Чтобы сориентироваться, нам необходимо начать с дефиниций. В первом издании своей книги Кун часто употребляет слово парадигма в его словарном смысле — как определенный образцовый пример научных достижений прошлого, который продолжает служить моделью для современных ученых. Но он также употребляет это слово в совершенно ином значении — как выбор определенного набора проблем и методов для их анализа, а местами слово парадигма принимает еще более широкий смысл, обозначая общее метафизическое видение мира; и именно в этом последнем смысле термин и остается в памяти читателей его книги. Во втором издании «Структуры научных революций» (1970) Кун признает допущенную им в первом издании[23] терминологическую неточность и предлагает заменить слово парадигма на термин дисциплинарная матрица: ««дисциплинарная» — в том смысле, что она обозначает нечто общее для всех, кто занимается данной дисциплиной, и «матрица» — поскольку она состоит из упорядоченных элементов различного рода, каждый из которых требует дальнейшей спецификации» (Kuhn T.S., 1970а, р. 182).
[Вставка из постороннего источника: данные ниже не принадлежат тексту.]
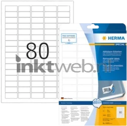 Herma verwijderbare papieretiketten rechthoek op A4-vellen. Deze stickers zijn na gebruik makkelijk te verwijderen zonder een spoor achter te laten. Perfect voor barcodes en prijs labels.
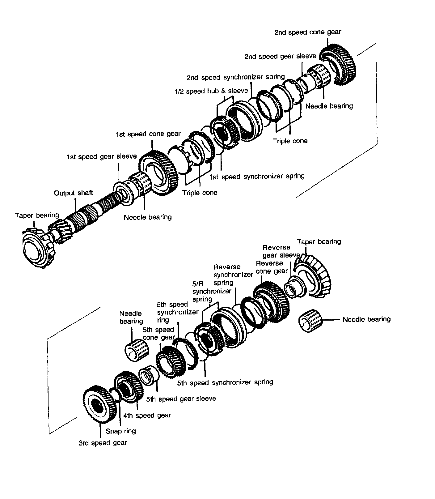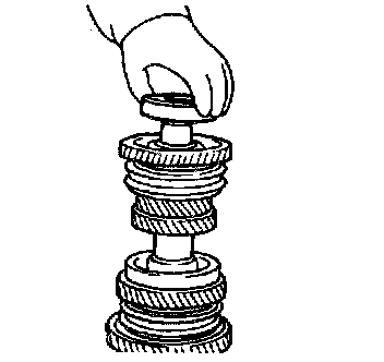 9. Install the 4th speed gear, the 5th speed gear sleeve, the needle roller bearing, the 5th speed gear, the synchronizer ring (5th), the synchronizer hub and the sleeve (5 & R).
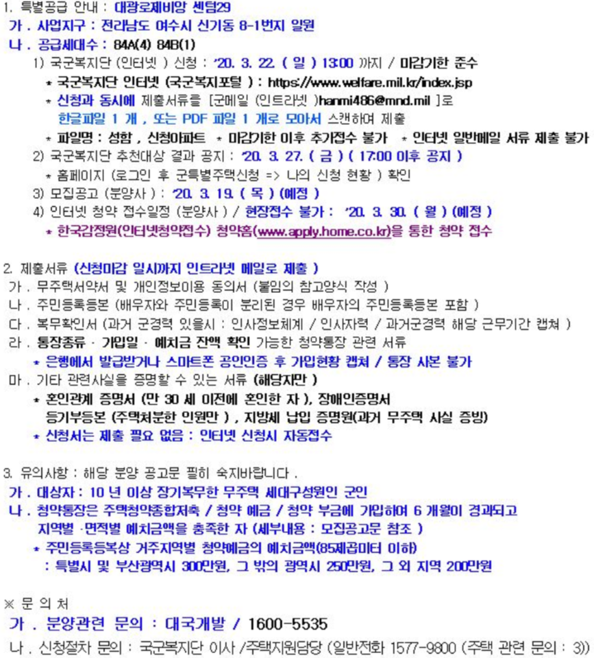 * 군인 특별공급과 관련된 정보는 기존 포스팅을 참고 바랍니다.
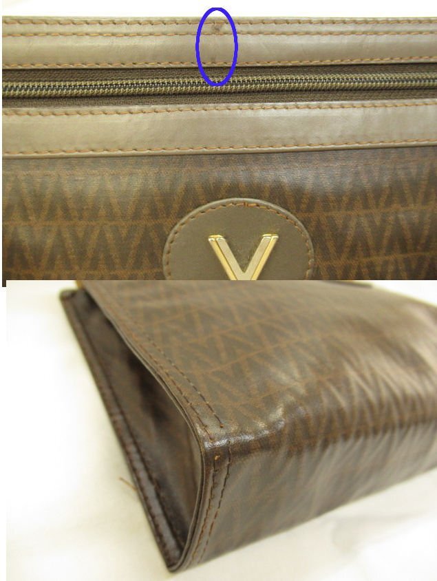 【色】 茶系 【サイズ】 26.5×18.5×5.5 【素材】 PVC、革 【付属品】 なし 【参考定価】 -円 【商品説明】 イタリア製のマリオバレンチノのセカンドバッグです。 ★ネコポス発送は下側を折り曲げるとギリギリ収納が可能です。折りシワが入る可能性があるのでご了承の上でご選択下さい。 -------------------------------------- 【状態ランク】 外観:A~B 中側:A~B 【状態説明】 ・外観は小さなペン先ぐらいの小さな汚れが少しあり、開口部付近の中央に画像7上のような汚れがあります。 ・底カドは画像7下のように目立つ擦り傷などはありませんが、糸が1コマぐらい切れています。 ・中及び内ポケット、外ポケット内に目立つべたつきや剥がれはありません。 ・目立たない程度の小さな汚れ等はご了承下さい。 |

Но какими бы словами мы ни пользовались, в центре аргументации Куна остается «все созвездие верований, ценностей, методов и т.д., разделяемых членами данного сообщества»; и, продолжая, он говорит, что если бы ему пришлось писать свою книгу вновь, прежде чем рассматривать общие для данной области знания «парадигмы» или «дисциплинарные матрицы», он бы сначала обсудил вопрос о том, как, собственно, происходит профессионализация науки (Kuhn T.S., 1970а, р. 173).
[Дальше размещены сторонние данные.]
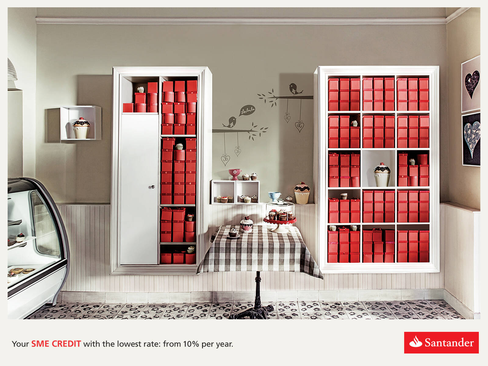 This professional campaign titled 'Hairdressing, Cupcake Store, Clothes Shop' was published in Mexico in May, 2012. It was created for the brand: Santander Bank, by ad agency: Todo lo contrario. This Print medium campaign is related to the Finance industry and contains 3 media assets. It was submitted over 13 years ago.
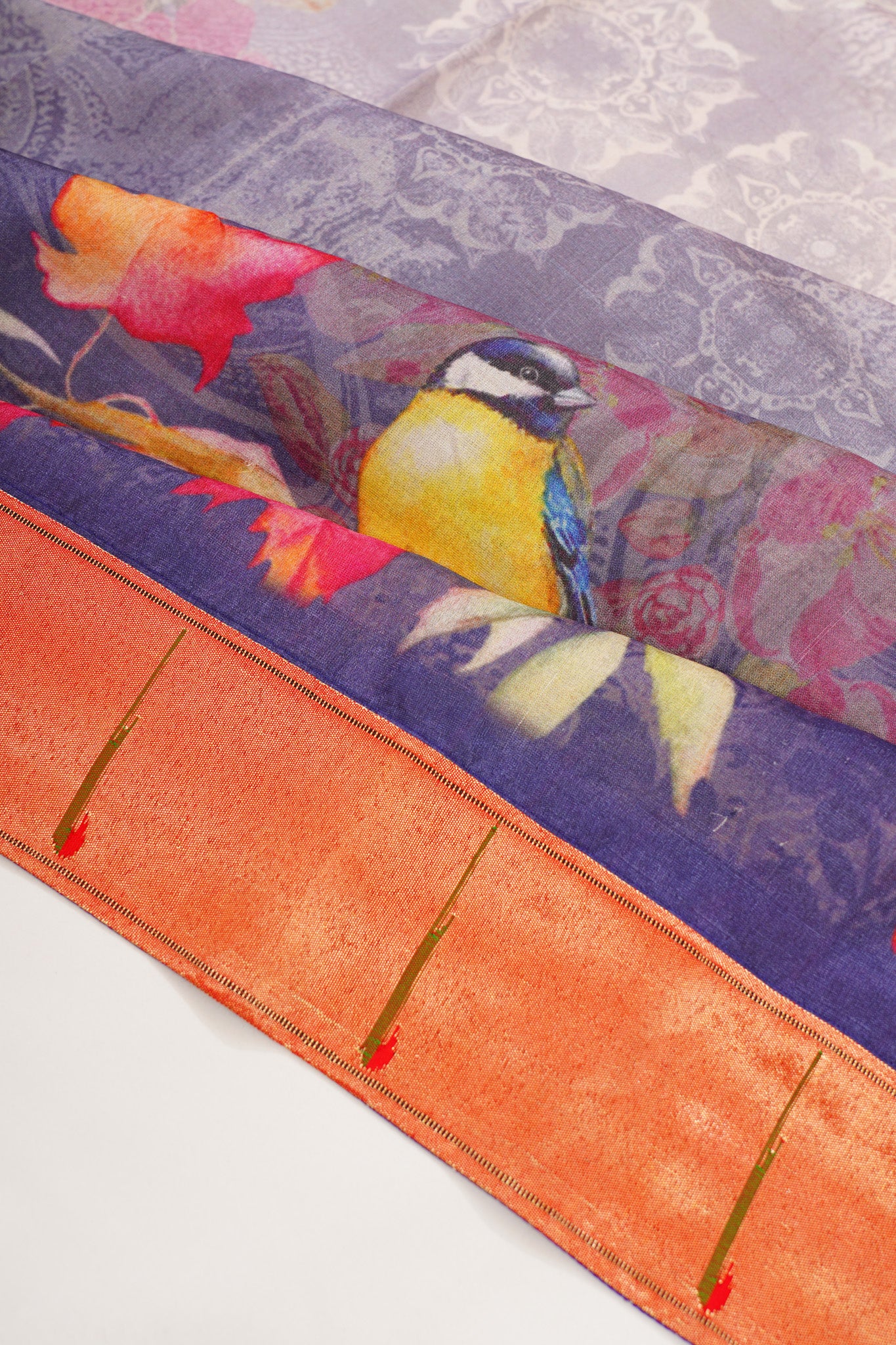 The body of the saree boasts exquisite flora prints, interwoven with enchanting bird motifs on its pleats, offering a vivid portrayal of nature's beauty

Впрочем, все это нельзя считать фатальными уступками — по той простой причине, что отличительной чертой идеологии Куна является не концепция парадигм, за которую все так ухватились, а скорее концепция «научных революций» как резких переломов в развитии науки и, в особенности, представление о прогрессирующем нарушении коммуникации во время «революционного кризиса». Давайте оживим в памяти основные составляющие аргументации Куна: сторонники нормальной науки как бы представляют один «невидимый колледж» в том смысле, что они придерживаются единого взгляда на то, какие проблемы нуждаются в решении и какую общую форму должно иметь это решение; более того, при постановке проблем и формулировке решений учитывается только мнение коллег, вследствие чего нормальная наука превращается в самоподдерживающийся кумулятивный процесс решения головоломок в рамках общего аналитического каркаса; о сломе нормальной науки, когда это происходит, возвещает бурное распространение новых теорий и оживление методологических дискуссий; новая система взглядов предлагает убедительное решение загадок, на которые прежде никто не обращал внимания, и в ретроспективе становится очевидным, что это решение давно осознавалось, но до настоящего времени игнорировалось; по мере того как не решенные в старой системе загадки становятся корроборирующими примерами в новой системе, старое и новое поколения ученых говорят, не слыша друг друга; и поскольку, приобретая новое знание, мы неизбежно теряем часть старого, обращение к новому подходу обретает природу религиозного переживания, включающего смену гештальта; и по мере того как новая система взглядов побеждает, она, в свою очередь, становится нормальной наукой следующего поколения.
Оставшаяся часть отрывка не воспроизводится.